Un film islandais? Pas possible? On y court! Avec des colosses barbus vêtus de merveilleux pulls jacquard? On y vole! Et les plus beaux moutons que vous puissiez imaginer en rêve? On y plonge!
Un petit film envoûtant, totalement original, totalement hors normes, et pourtant totalement dans la vraie vie même si cette vie là à des aspects exotiques, liés à ces paysages sublimement désolés, énormes, ravagés par le vent, brûlés par le gel...
Mais là où je me frotte les yeux, c'est que j'ai vu dans certaines critiques le film qualifié de "comédie". Alors, ou bien le mec il est parti au bout de vingt minutes pensant qu'il en savait assez pour écrire son petit texte, ou bien il est hermétique à toutes forme d'humanité. Parce que la vérité, c'est que si vous rentrez dans la salle un peu déprimé, en sortant vous allez direct vous jeter dans la Seine ou dans le Rhône. Bien sûr, il y a de l'humour. Tout le temps. Déjà, le physique des différents protagonistes.... Mais c'est, au fond, affreusement triste.
Deux vieux garçons. Deux frères ennemis. Depuis 40 ans.... Leurs champs sont mitoyens; leurs maisons, séparées de 300 mètres et depuis 40 ans, ils ne se sont plus adressé la parole. Et, lorsque la nécessité de communication s'impose, c'est le chien de Kiddi qui transporte une missive dans sa gueule.... Des deux, il y en a qui est quand même un peu plus ennemi que l'autre... et vers la fin du film, on en saura un peu plus sur les raisons de la discorde, mais ça n'a en fait aucune importance. Ce qui est certain c'est qu'ils sont bien dissemblables. Le héros principal, Gunni (Sigurður Sigurjónsson), passe ses soirées à faire des puzzles en écoutant de la musique et en buvant des sodas, là où Kiddi (Theodór Júlíusson) préférerait les boissons fortes...
L'important c'est qu'ils élèvent, comme tous les autres habitants de la vallée, des moutons. Mais pas n'importe quels moutons: une race locale, rustique, adaptée au climat, sublime. Les béliers portent des spires de cornes comme des mouflons; les brebis sont de grosses boules de poil immaculé, des cocons douillets qu'on devine plus doux que le cashmere. Et avec cela, de beaux yeux, un joli museau.... Hélas! la tremblante du mouton se déclare, et il faut abattre tout le cheptel de la vallée. Abattre les animaux, détruire les écuries, le foin, tout désinfecter sous l'œil des cerbères des services vétérinaires. Vous imaginez ce que cela représente, pour un éleveur. Moi, arrivée à ce point là du film, je pleure de chaudes larmes.

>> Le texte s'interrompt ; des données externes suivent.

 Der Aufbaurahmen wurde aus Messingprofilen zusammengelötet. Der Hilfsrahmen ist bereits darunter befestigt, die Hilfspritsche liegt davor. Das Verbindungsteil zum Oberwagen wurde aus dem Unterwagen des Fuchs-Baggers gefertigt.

J'aime quand le cinéma me raconte de vraies histoires de vrais gens, de vrais gens, de belles personnes, pas des intellos lubriques du 5eme arrondissement parisien.... En ce moment, on a des cas de grippe aviaire dans le Sud-Ouest. Il n'y a pas encore de décisions prises d'abattage généralisé; mais cela pourrait arriver. C'est ça, la vraie vie.
D'ailleurs, faut il abattre, ou laisser les choses suivre leur cours? les bêtes les plus robustes survivront; l'épidémie s'arrêtera d'elle même; on aura ainsi sélectionné une race plus résistante. La question se pose; cela peut se faire aussi; apparemment, mais les vétos finlandais n'ont pas d'états d'âme.... ils exécutent.

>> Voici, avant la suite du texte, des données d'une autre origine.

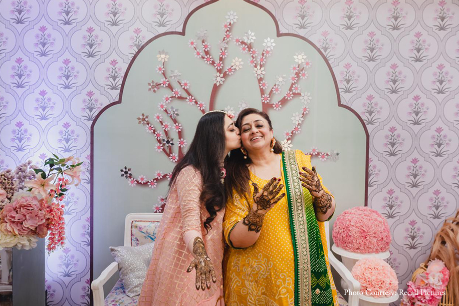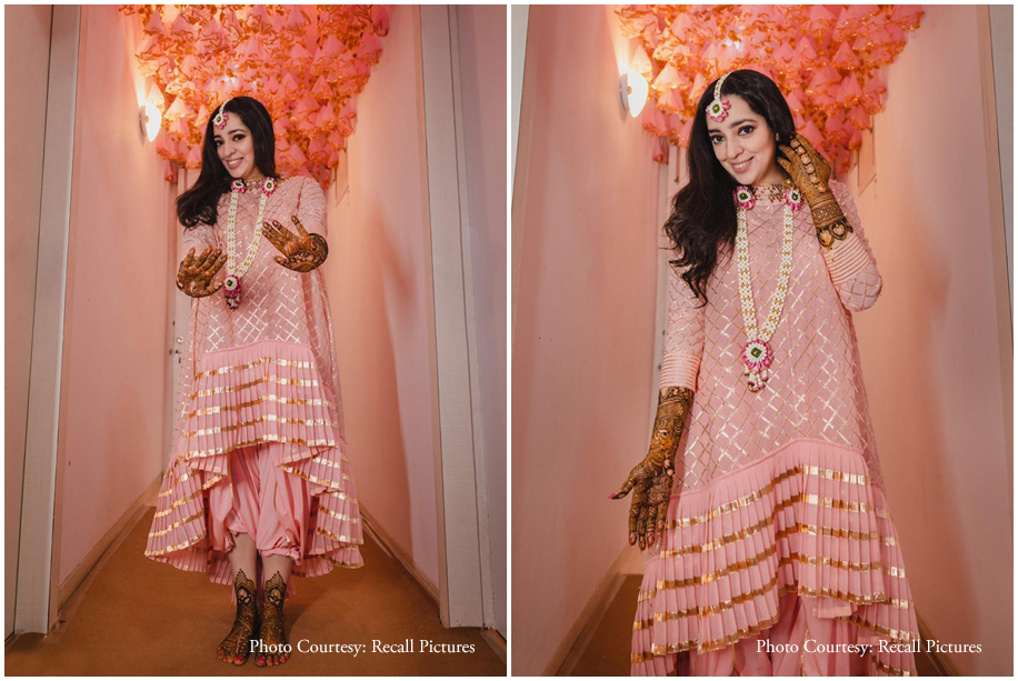 The pre-engagement Mehendi function saw charming floral décor in soft pastel hues, while the radiant to-be-bride looked divine in a breezy peach outfit by Vvani Vats. Nidhi kept her look fresh and youthful with a glowing visage, flowing locks and floral jewellery. Acclaimed celebrity Mehndi Artist Veena Nagda took to social media to share pictures of the gorgeous mehndi while the bride’s friends and actress Dipika Kakar and Sara Ali Khan also graced the event.

Moi j'ai adoré ce film; c'est sûr que je suis particulièrement sensible aux thèmes de la ruralité et des animaux.... Et c'est vrai aussi que le côté cocasse des héros fait passer la gravité du propos, et qu'il y a quelques scènes irrésistibles. Et ne craignez pas un film trop statique: il se passe quand même plein de choses que vous découvrirez à son fil!
Le beau film de Grímur Hákonarson nous fait ressentir à un point rarement atteint le froid, le blizzard. Et en même temps, la beauté d'un monde préservé. Mais c'est dur, la vie d'éleveur. A méditer quand tant d'autres se plaignent.... Allez vite le voir!!